What We’ve Learned Refactoring Legacy Code with AI

Every developer knows the feeling. You open an inherited codebase, and you’re immediately lost. Variable names that made perfect sense to someone in 2017 now read like cryptic puzzles. Functions stretch across hundreds of lines. Comments, where they exist at all, reference tickets from a project management system the company stopped using three years ago.
This is legacy code. And for most development teams, refactoring it has always been somewhere between “painful necessity” and “thing we avoid until something breaks.”
Over the past year, we’ve been exploring how AI tools change this equation.

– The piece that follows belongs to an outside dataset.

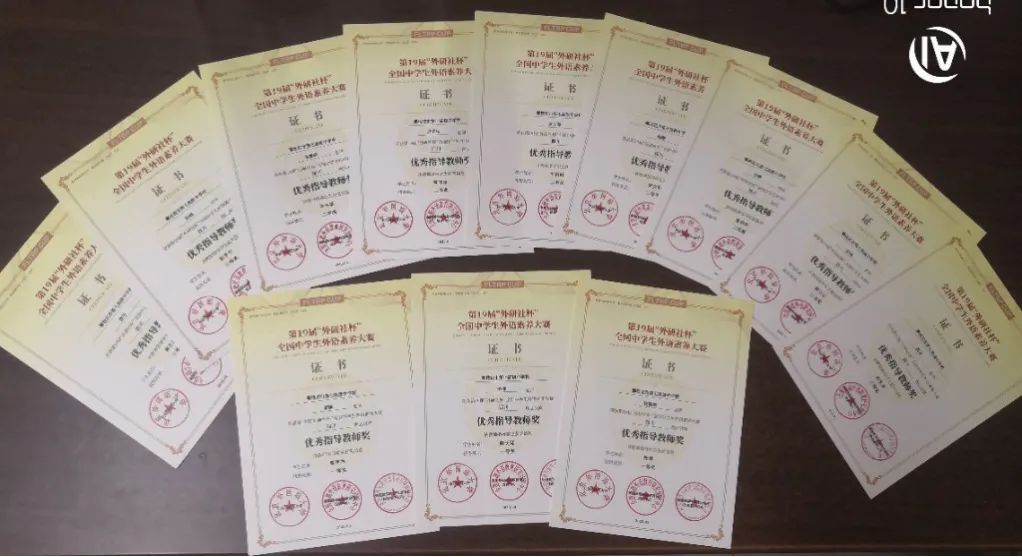 近日,第19届“外研社杯”全国中学生外语素养大赛的奖状陆续送到获奖者手中。其中,我校陈长廷获得国家一等奖,晏梓翔等6名同学获得省一等奖,杨冉希等9名同学获得省二等奖,潘瑜文等7名同学获得省三等奖,13位英语教师获得“优秀指导教师奖”。
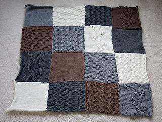 (Pictures match, from the bottom up.) I began by knitting plain stockinette squares. I then used 100 Afghan Squares to Knit by Debbie Abrahams and knit the Sea Wall basketweave and Twine cables patterns from the book. The last set is from the Embossed Twining Vine Leaf from Barbara Walker.

Not as a replacement for developer judgment – that’s a dangerous fantasy – but as something more practical: an assistant that can help shoulder the cognitive burden of understanding code you didn’t write.
Table of Contents
Old Code Means Excessive Cognitive Load
Before diving into tools and techniques, it’s worth understanding why legacy code is so difficult to work with. It’s not primarily a technical challenge. It’s a cognitive one.
Research on cognitive load in software development points to something counterintuitive: the average person can hold roughly four “chunks” of information in working memory at once. Once the cognitive load reaches this threshold, it becomes much harder to understand things.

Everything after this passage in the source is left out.